Болевые точки психотерапии: принимая вызов - страница 2
Для него всегда был один путь в профессию – если я что-то пишу или говорю людям, я должен это сначала пройти сам. Он не умел хитрить. Потом, придя в гештальт-терапию и возглавив большое сообщество, он продолжал держаться за эту свою ценность. Помню, как злился на тех, кто рвался преподавать, не видя в глаза живых клиентов. Он был категоричен и временами суров к тем, кто не хотел учиться. И очень злился, когда замечал у коллег отсутствие интереса к конкретному человеку на фоне постоянного интереса к деньгам. У Саши, без всяких сомнений, всегда была своя правда и своя совесть. Мне кажется, если бы он родился в другое время, из него получился бы прекрасный путешественник-первопроходец – большой, устойчивый, строгий, упрямый, немного циничный, в каких-то вопросах по-детски наивный, верящий в то, что только интерес человека к самому себе может сделать мир лучше. Он не верил политикам и лозунгам, но до последнего дня верил отдельному человеку и книгам. Он очень любил думающих людей. Был не всегда добр к ленивым. Он умел видеть удивительные, никому не заметные детали и мог не заметить что-то большое и простое. Мне много раз хотелось сказать ему спасибо. И каждый раз я вспоминала, что Саша очень по-своему относился к благодарности. Он не очень любил, когда его благодарили. Развивал идею про связь благодарности и высокомерия. Но сегодня я думаю, что просто смущался. Я очень надеюсь, что эта книга поможет вам найти свои ответы на вопросы, которые перед собой ставил Александр Моховиков.
Алла Повереннова
президент ВОППГП «Украинский гештальт институт»

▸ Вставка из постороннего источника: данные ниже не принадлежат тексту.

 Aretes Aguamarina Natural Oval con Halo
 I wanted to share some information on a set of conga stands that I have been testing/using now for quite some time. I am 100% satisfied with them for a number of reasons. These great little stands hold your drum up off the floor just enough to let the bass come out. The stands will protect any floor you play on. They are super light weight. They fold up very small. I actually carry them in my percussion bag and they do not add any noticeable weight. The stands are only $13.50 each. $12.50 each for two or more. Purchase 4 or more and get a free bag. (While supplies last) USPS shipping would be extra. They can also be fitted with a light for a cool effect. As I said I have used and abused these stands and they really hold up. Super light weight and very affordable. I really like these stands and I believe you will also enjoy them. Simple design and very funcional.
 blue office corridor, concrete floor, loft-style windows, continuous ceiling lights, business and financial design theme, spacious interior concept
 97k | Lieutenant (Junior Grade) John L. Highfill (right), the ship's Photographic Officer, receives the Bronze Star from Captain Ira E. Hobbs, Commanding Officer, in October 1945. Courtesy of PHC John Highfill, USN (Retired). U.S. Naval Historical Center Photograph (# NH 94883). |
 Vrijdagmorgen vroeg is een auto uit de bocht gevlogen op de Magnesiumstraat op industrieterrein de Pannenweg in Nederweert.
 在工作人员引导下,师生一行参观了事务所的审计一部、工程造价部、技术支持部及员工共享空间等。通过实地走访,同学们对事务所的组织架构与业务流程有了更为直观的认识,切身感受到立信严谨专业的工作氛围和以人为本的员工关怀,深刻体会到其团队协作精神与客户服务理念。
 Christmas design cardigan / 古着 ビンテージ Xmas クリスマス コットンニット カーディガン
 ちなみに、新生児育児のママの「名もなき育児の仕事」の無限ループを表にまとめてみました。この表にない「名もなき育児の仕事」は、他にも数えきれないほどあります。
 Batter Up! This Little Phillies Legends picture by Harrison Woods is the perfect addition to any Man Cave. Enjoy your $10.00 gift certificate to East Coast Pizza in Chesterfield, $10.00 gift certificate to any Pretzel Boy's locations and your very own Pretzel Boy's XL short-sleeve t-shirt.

Психическая боль: природа, диагностика, особенности гештальттерапевтической работы с клиентом[1]
Она, эта боль, была так сильна, так нестерпима, что, не думая, что он делает, не осознавая, что из всего этого выйдет, страстно желая только одного – хоть на минуту избавиться от нее и не попасть опять в этот ужасный мир, где он провел весь день и где только что был в самом ужасном и отвратном из всех земных снов, он нашарил и отодвинул ящик ночного столика, поймал холодный и тяжелый ком револьвера и, глубоко и радостно вздохнув, раскрыл рот и с силой, с наслаждением выстрелил.
Иван Бунин «Дождь»
Невыносимая психическая или душевная боль, ведущая к страданию, является выражением утраты смысла жизни (от книги Иова через Серена Кьеркегора к Мартину Хайдеггеру и Людвигу Бинсвангеру) и возникает при столкновении с ситуациями изоляции, одиночества, свободы или умирания. Именно она превращает вопрос о жизни или смерти в центральную проблему философии (в концепциях Альбера Камю и Жан-Поля Сартра), литературы (от древнеегипетского «Спора разочарованного со своей душой» до поэзии Райнера Марии Рильке и Дэвида Лоуренса) и является важным аспектом психотерапии и консультирования клиентов с суицидальными тенденциями (от Зигмунда Фрейда до Ирвина Ялома и Эдвина Шнейдмана).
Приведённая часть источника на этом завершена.